Even more telling here is how many Republicans (Carver County’s own Joe Hoppe and Ernie Leidiger included) forget about their free market principles on this issue.  There’s precisely no free market rationale here to defend this prohibition.  And there’s precious little to stand on when it comes to social concern, either.  If we’re going to sell liquor in bars and restaurants on Sunday, why not allow people to buy a 12-pack and take it home with them?  Isn’t that better than letting them get their buzz on and then drive home?

Jason Alvey, the owner of Four Firkins in St. Louis Park, puts it best:

“It is the year 2013, yet I pay rent 52 days a year that I’m not allowed to open my business, and I think that’s very frustrating. Let’s gain the extra tax revenue. Let’s give the people what they want. Let’s give progressive retailers like myself the ability to run our businesses how we see fit.”

It’s time to put pressure on the Legislature to get out of the way and to do the right thing.  If you’re interested in changing this law, I encourage you to contact your legislator as well as supporting organizations like Minnesota Beer Activists that are working to make sure the Legislature listens to the will of the people.


5 Responses to “Sunday liquor sales torpedoed again”

  1. Seems most of the businesses don’t want it. I’m not sure what makes the guy you quoted a progressive retailer. Does that mean his prices go up cased on your income?

    • Fine, then they don’t have to open on Sundays. There’s no economic rationale for mandating that all liquor stores be closed on Sunday.

  2. The arguments on this were presented last year when the bill came up.

    Then as here, everyone misses the real battle going on. It’s small retailers who lose and the big distillers who win. Small stores are less able to spread costs over another day of operation without increasing sales.

    Distillers push it because they might marginally increase sales, and if bigger stores win, the supplier’s costs go down.

    Colorado passed Sunday sales that started in 2009. Sales of wine and spirits are up since 2008; beer is flat; and there are 200 fewer 3.2 licensees and 105 fewer retail liquor stores.

    Consumers like it but this is one reason retailers don’t.

    • Is there such unique value in small liquor retailers that they should have a government-imposed barrier to competition? I don’t think so. The same arguments that apply to small liquor stores being open on Sunday could apply equally to retailers in any number of other industries.

      • My comment was to illustrate why the retailer organization is against it. It represents a real threat to some of its members. Another way to look at this is that by instituting Sunday sales the state will disturb a marketplace that has always been regulated and this competitive structure has been in place for about 70 years.

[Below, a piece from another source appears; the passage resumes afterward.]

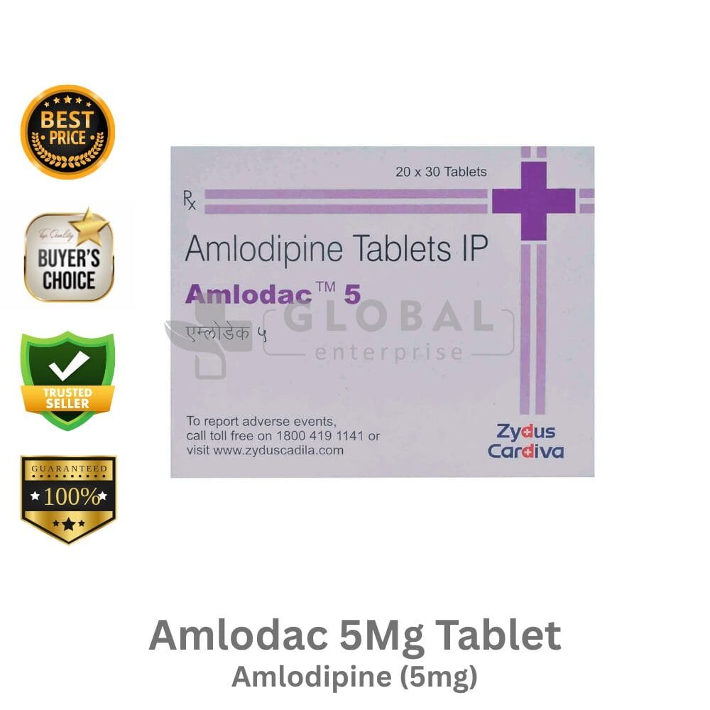Active Ingredient – Amlodipine 5mg Name -Amlodac 5 mg tablet Manufacturer- Zydus Cadila Dosage Type – Oral Tablet Packing- Strip of 30 Tablets

        There are unique values in small retailers of all types, and we have seen what happens when our states, cities and towns enact policies that favor larger and nationally owned companies.

        We can come down on either side of this question because it’s complex. But we also should recognize the consequences of our choices before we can’t browse in a local bookstore or we have to drive ten miles to find the favorite brew that used to be in our local liquor store.